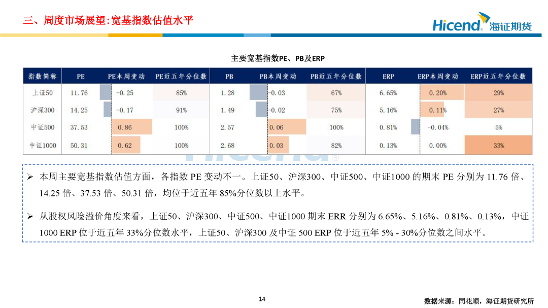估值角度,主要宽基指数PE变动不一。上证50、沪深300、中证500、中证1000的期末PE分别为11.76倍、14.25倍、37.53倍、50.31倍,均位于近五年85%分位数以上水平。流动性及资金面,截至本周四,10年期国债到期收益率期末值为1.86%,较上周末下行2BP;1年期国债到期收益率期末值为1.26%,较上周末下行5BP。国债长短期利差较上周末上行3BP。市场流动性环境相对宽松。融资数据方面,截至本周四,融资余额为2.72万亿元,周一到周四融资净买入额为913亿,资金参与情绪持续处于高位。
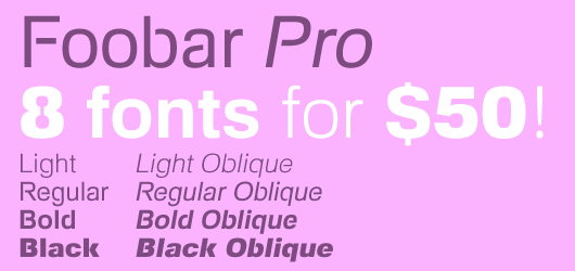 Foobar Pro Family is a professionally reworked font that contains an extended character set for setting text in 65 languages requiring more than the basic A-Z!
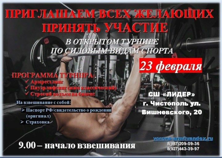 Чистопольцев приглашают принять участие в открытом турнире по силовым видам спорта. Он состоится 23 февраля на базе спортивной школе «Лидер».
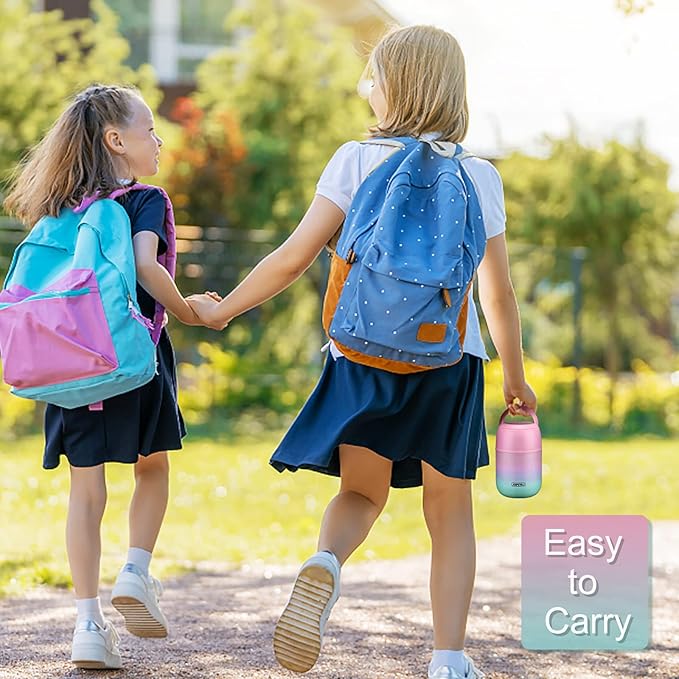 • Our insulated food jar has a unique hidden handle that can reduce the volume of the jar and save more space for you. It fits perfectly in school bags and boxes. The hidden handle could also avoid accidentally opening the lid while carrying school bags.
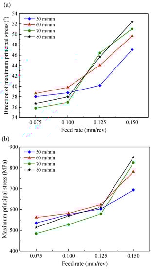 The direction and magnitude of the maximum principal residual stress under all the cutting conditions in this research are summarized in Figure 8. Figure 8a shown that the maximum principal residual stress was located within the range of 36.4°~52.4° from the circumferential direction (the direction of the minimum principal residual stress was perpendicular to the maximum principal residual stress). The angle between the maximum principal residual stress and the circumferential direction was defined as the direction of maximum principal residual stress. It can be observed from Figure 8a that the maximum principal residual stress angle increased rapidly as the feed rate increased. It indicated that the direction of maximum principal stress tended to approach the axial direction with the increase of feed rates. This could be explained by the more increased surface residual stress along the axial direction than that along the circumferential direction. As shown in Figure 8b, the magnitude of the maximum principal residual stress increased significantly with the feed rate changing from 0.075 mm/rev to 0.15 mm/rev. This can be attributed to the increased surface residual stress along the axial direction and circumferential direction as explained in the previous section of this paper.
######
▸ **WORK ORDER**:
Give again the lines of the listing above that run from the one with "Foobar Pro Family" up to and including the one with "carrying school bags.". Keep them exact and omit the pictures.

▸ **OUTPUT**:
 Foobar Pro Family is a professionally reworked font that contains an extended character set for setting text in 65 languages requiring more than the basic A-Z!
 Чистопольцев приглашают принять участие в открытом турнире по силовым видам спорта. Он состоится 23 февраля на базе спортивной школе «Лидер».
 • Our insulated food jar has a unique hidden handle that can reduce the volume of the jar and save more space for you. It fits perfectly in school bags and boxes. The hidden handle could also avoid accidentally opening the lid while carrying school bags.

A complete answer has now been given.